---------- Records supplied ----------

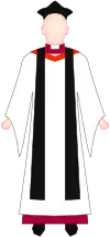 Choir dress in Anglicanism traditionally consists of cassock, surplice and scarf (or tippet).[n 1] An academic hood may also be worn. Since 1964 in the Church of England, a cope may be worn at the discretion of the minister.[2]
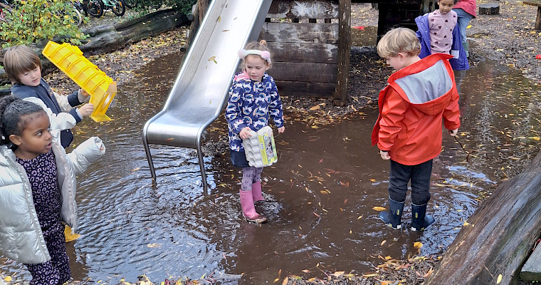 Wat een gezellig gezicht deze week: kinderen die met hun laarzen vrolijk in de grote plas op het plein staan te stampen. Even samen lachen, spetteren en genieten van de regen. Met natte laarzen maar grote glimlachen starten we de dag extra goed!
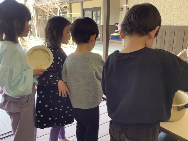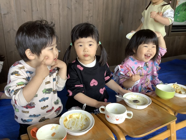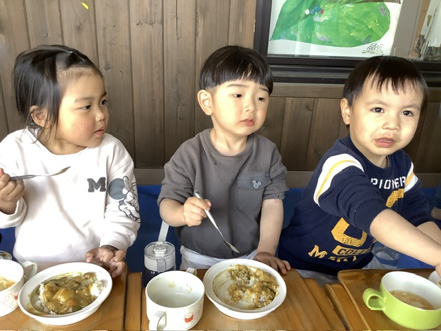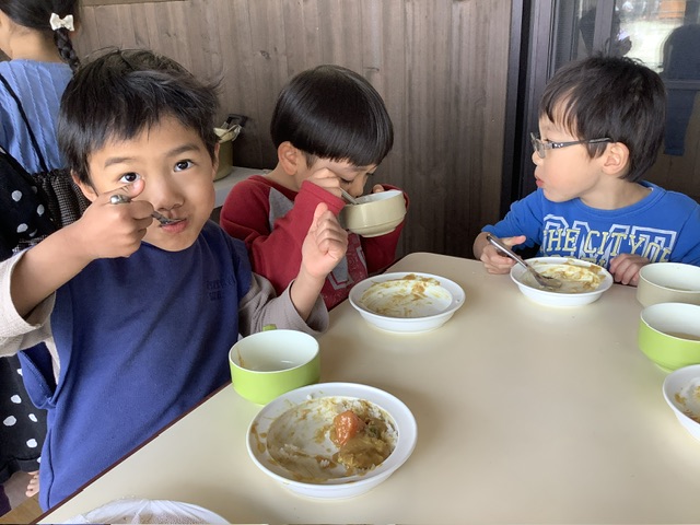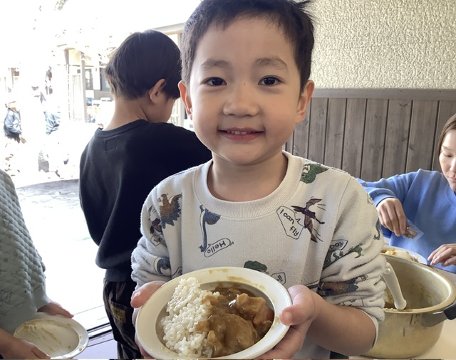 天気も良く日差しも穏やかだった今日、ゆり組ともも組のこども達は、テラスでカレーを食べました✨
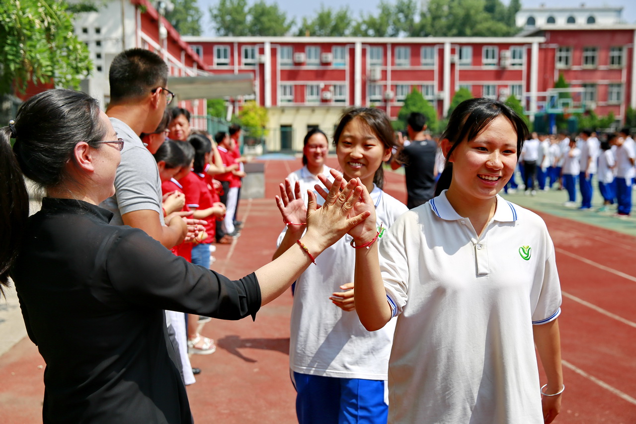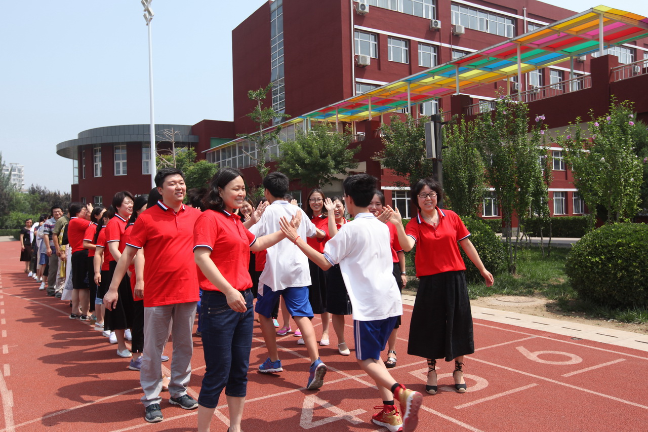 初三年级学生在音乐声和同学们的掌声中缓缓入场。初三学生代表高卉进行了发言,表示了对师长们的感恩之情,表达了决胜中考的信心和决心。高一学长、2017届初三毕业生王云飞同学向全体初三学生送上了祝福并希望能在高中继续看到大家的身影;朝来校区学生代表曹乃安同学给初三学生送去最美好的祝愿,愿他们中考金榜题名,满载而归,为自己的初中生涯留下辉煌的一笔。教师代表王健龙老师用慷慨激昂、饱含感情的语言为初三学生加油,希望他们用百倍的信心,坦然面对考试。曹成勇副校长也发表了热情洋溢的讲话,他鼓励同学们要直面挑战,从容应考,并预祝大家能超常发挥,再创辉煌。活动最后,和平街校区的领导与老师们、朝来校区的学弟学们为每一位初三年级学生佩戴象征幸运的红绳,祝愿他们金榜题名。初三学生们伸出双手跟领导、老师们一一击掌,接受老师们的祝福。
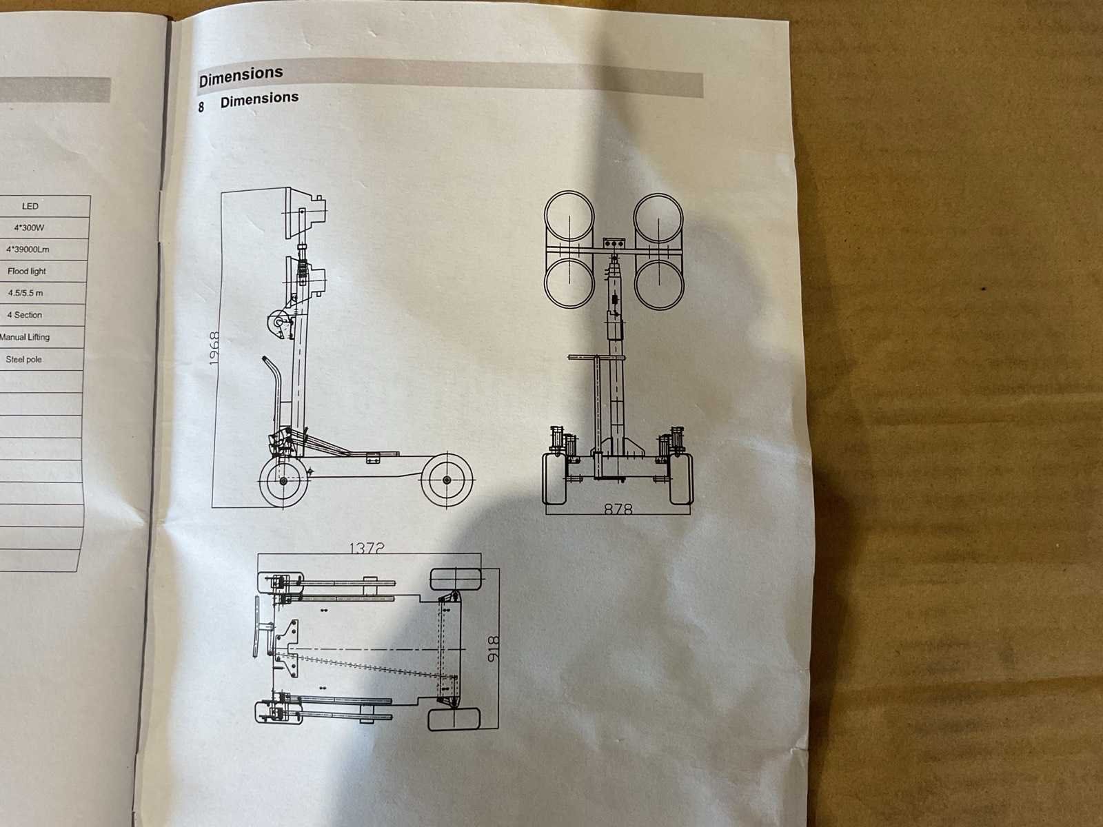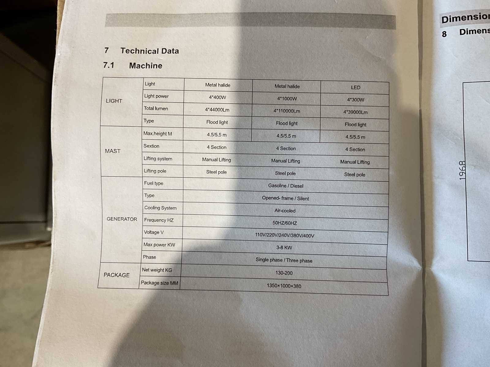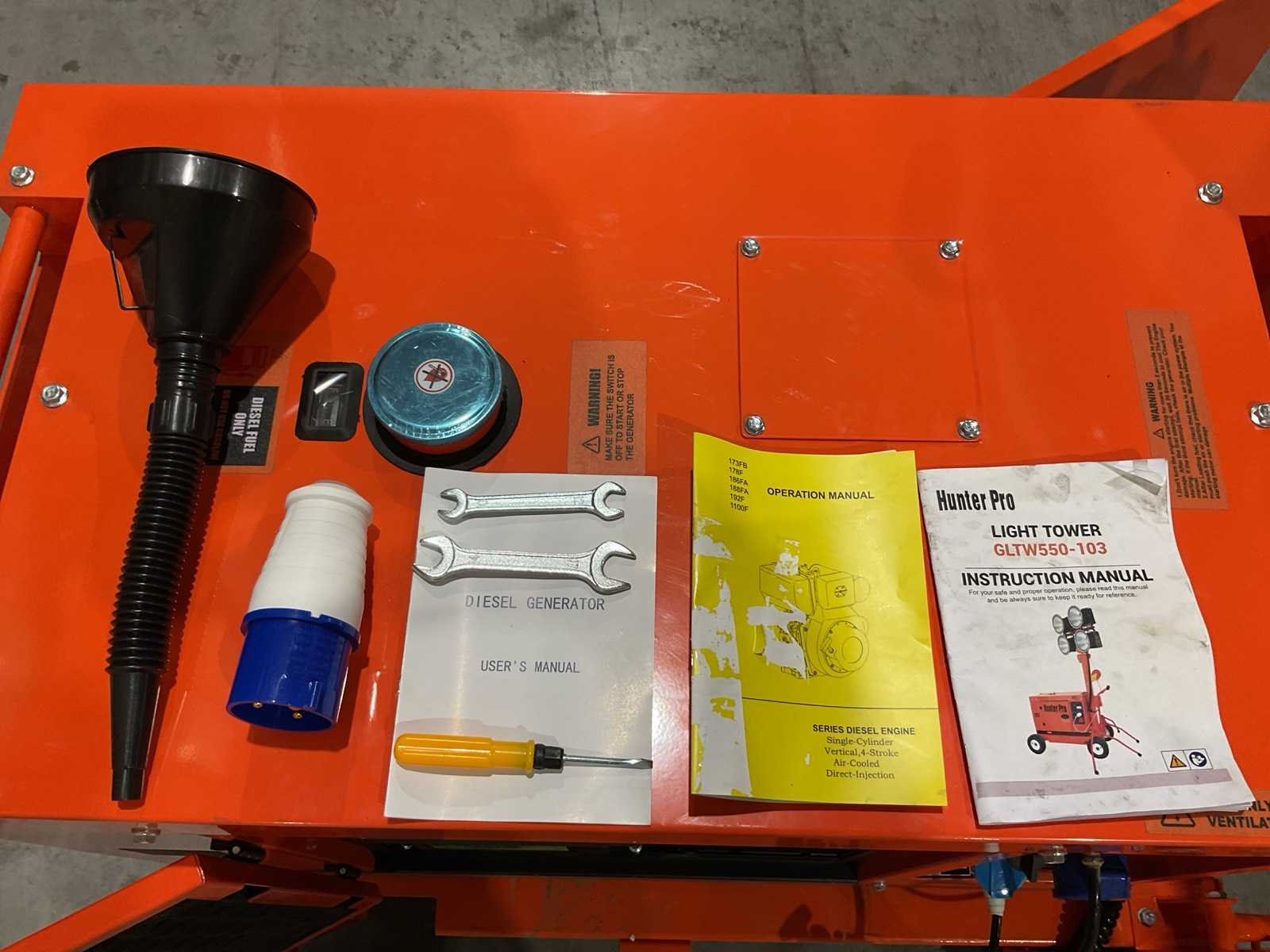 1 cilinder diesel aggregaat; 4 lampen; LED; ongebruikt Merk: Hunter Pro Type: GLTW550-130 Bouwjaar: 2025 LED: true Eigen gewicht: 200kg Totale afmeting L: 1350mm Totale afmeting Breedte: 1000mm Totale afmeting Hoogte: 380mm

----------

## Your assignment
Copy the records above precisely, and leave every image out of the copy.

## Solution for this task
 Choir dress in Anglicanism traditionally consists of cassock, surplice and scarf (or tippet).[n 1] An academic hood may also be worn. Since 1964 in the Church of England, a cope may be worn at the discretion of the minister.[2]
 Wat een gezellig gezicht deze week: kinderen die met hun laarzen vrolijk in de grote plas op het plein staan te stampen. Even samen lachen, spetteren en genieten van de regen. Met natte laarzen maar grote glimlachen starten we de dag extra goed!
 天気も良く日差しも穏やかだった今日、ゆり組ともも組のこども達は、テラスでカレーを食べました✨
 初三年级学生在音乐声和同学们的掌声中缓缓入场。初三学生代表高卉进行了发言,表示了对师长们的感恩之情,表达了决胜中考的信心和决心。高一学长、2017届初三毕业生王云飞同学向全体初三学生送上了祝福并希望能在高中继续看到大家的身影;朝来校区学生代表曹乃安同学给初三学生送去最美好的祝愿,愿他们中考金榜题名,满载而归,为自己的初中生涯留下辉煌的一笔。教师代表王健龙老师用慷慨激昂、饱含感情的语言为初三学生加油,希望他们用百倍的信心,坦然面对考试。曹成勇副校长也发表了热情洋溢的讲话,他鼓励同学们要直面挑战,从容应考,并预祝大家能超常发挥,再创辉煌。活动最后,和平街校区的领导与老师们、朝来校区的学弟学们为每一位初三年级学生佩戴象征幸运的红绳,祝愿他们金榜题名。初三学生们伸出双手跟领导、老师们一一击掌,接受老师们的祝福。
 1 cilinder diesel aggregaat; 4 lampen; LED; ongebruikt Merk: Hunter Pro Type: GLTW550-130 Bouwjaar: 2025 LED: true Eigen gewicht: 200kg Totale afmeting L: 1350mm Totale afmeting Breedte: 1000mm Totale afmeting Hoogte: 380mm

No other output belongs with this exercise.